…Последний раз я писала Вам в мае 1970 года. Припоминаете? С просьбой разрешить публикацию поэмы «Беатриче». С тех пор много воды утекло… Все прошедшие восемь лет я не теряла надежды опубликовать поэму «Беатриче». Считаю своим долгом рассказать Вам о своих усилиях.

С предложением публикации обращалась: в газету

«Комсомольская искра» (Одесса) – март 1971;

в журнал «Русская литература» (Ленинград) – октябрь 1971;

в межведомственный республиканский сборник «Вопросы русской литературы» (Львов) – февраль 1972;

в журнал «Вопросы литературы» (Москва) – октябрь 1972;

в газету «Литературная Россия» (Москва) – ноябрь 1972;

в «Вестник Киевского университета» – октябрь 1974;

в редколлегию сборника Вологодского пединститута февраль 1976.
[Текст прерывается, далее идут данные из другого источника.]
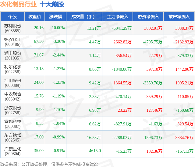 个股表现方面,农化制品行业当日领跌股为苏利股份(603585),该股当日报收20.16,下跌10.0%,成交量13.21万,主力资金净流出6041.29万元。扬农化工(600486)以下跌3.3%紧随其后,该股当日成交量4.47万,主力资金净流入2662.82万元。除此之外,润丰股份(301035)、利尔化学(002258)、江山股份(600389)均进入当日熊股之列。具体个股列表见下表:
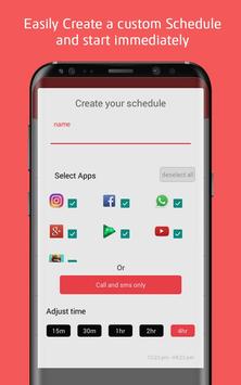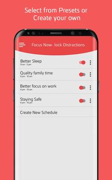 Focus Now Locks any App on your mobile for a specific time period which you can set manually and locks away any distractions during that specified time period. You can also set the day on which you want to activate it.
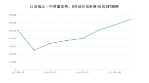 在国内市场上,比亚迪在2021年8月的销量为64720辆,同比增长133.63%,环比增长12.82%。1-8月份,比亚迪累计销量为359772辆,较去年同期增长97.82%。
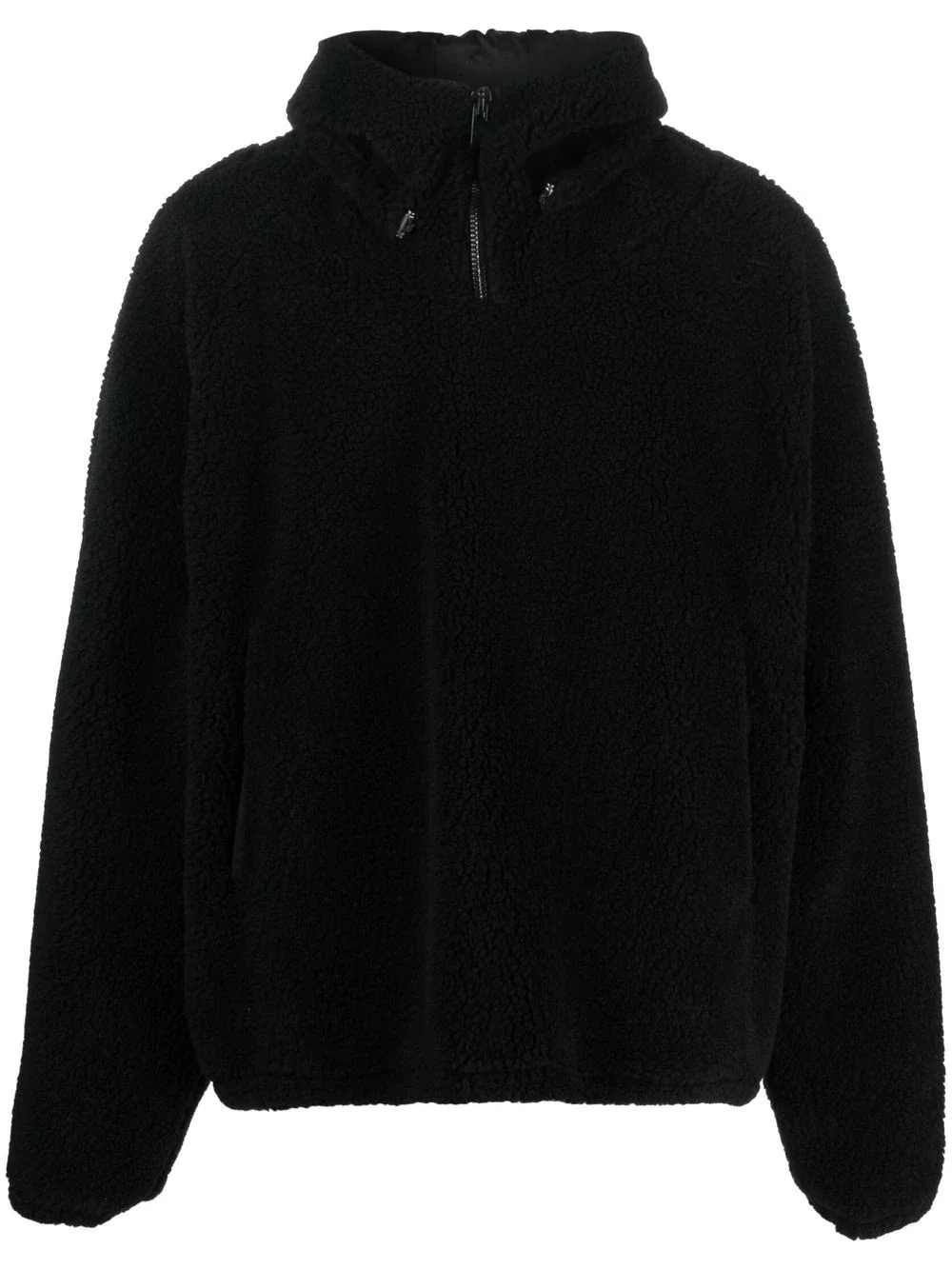 logo half-zip jumper black cotton logo patch to the rear round neck half front zip fastening long sleeves Made in Italy Composition Outer: Polyester 73%, Virgin Wool 27% Lining: Cotton 100% SIZE & FIT Model measurements Height 6 ft 2 in(1.87 m) Bust/Chest 36.22 in(92 cm) Hips 37 in(94 cm) Waist 27.95 in(71 cm) FittingInformation This piece fits true to size. We recommend you get your regular size Cut for a loose fit Made with a mid-weight fabric Washing instructions Dry Clean Only
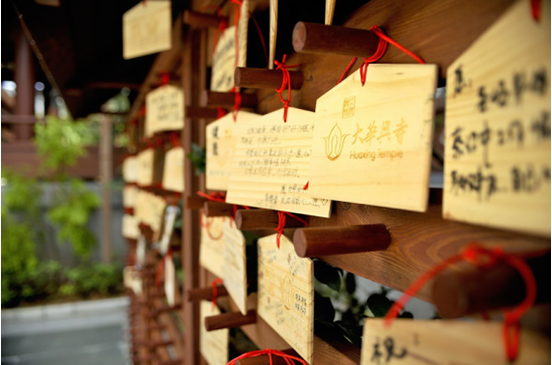 大华兴寺品尝香积斋“活色生香”的精致素食,饭后还可以在许愿墙的木质许愿牌上为亲人朋友亲手书写祝福。
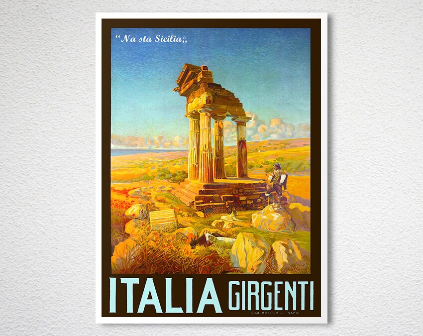 Italia Girgenti Vintage Travel Poster - Poster Paper or Canvas Print / Gift Idea
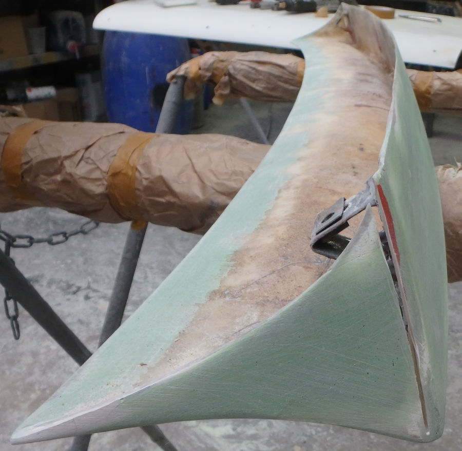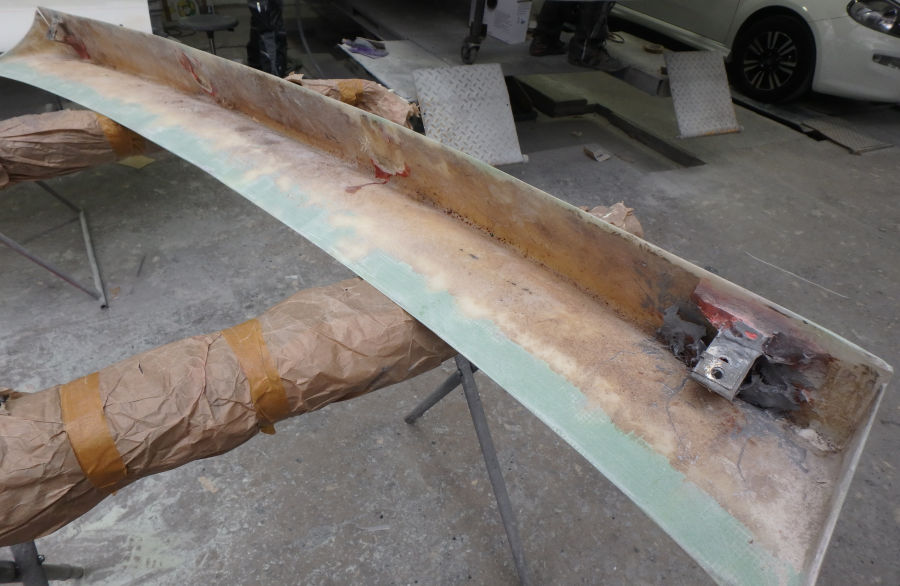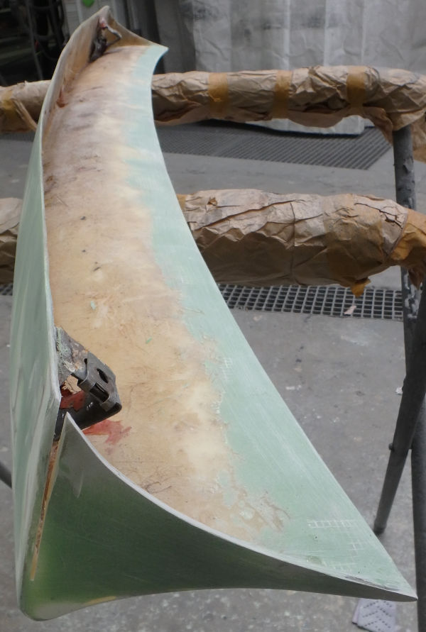 Das Bauteil für den Heckspoiler des Kofferdeckels ist aus GFK.

И всё неудачи, всё отказы… Наконец, узнаю, что лежавшая без движения 4 года публикация в «Вестнике Киевского университета» должна быть напечатана. Радуюсь, но не очень уверенно (ведь во Львове тоже были положительные рецензии, а редколлегия всё-таки отклонила публикацию).

И вот в январе 1978 г., три дня назад, мне вручают вёрстку. Листаю страницы… Ищу поэму… Её-то, увы, нет. Помещена только моя статья-комментарий под названием «И Алигьери знал, какое имя…» (Неизвестная поэма Ю. К. Олеши «Беатриче»). (См. В1сник Кшвського унтерситету. Украшська фшологш. – К., 1978. – С. 31–37). Какая ирония судьбы!

Надеюсь, Вам будет приятно прочитать и эти краткие страницы многострадальной статьи (это 4-й вариант), где добрым словом упомянуто имя Георгия Шенгели. Все годы помнила о Вас… Передан ли архив Шенгели в ЦГАЛИ?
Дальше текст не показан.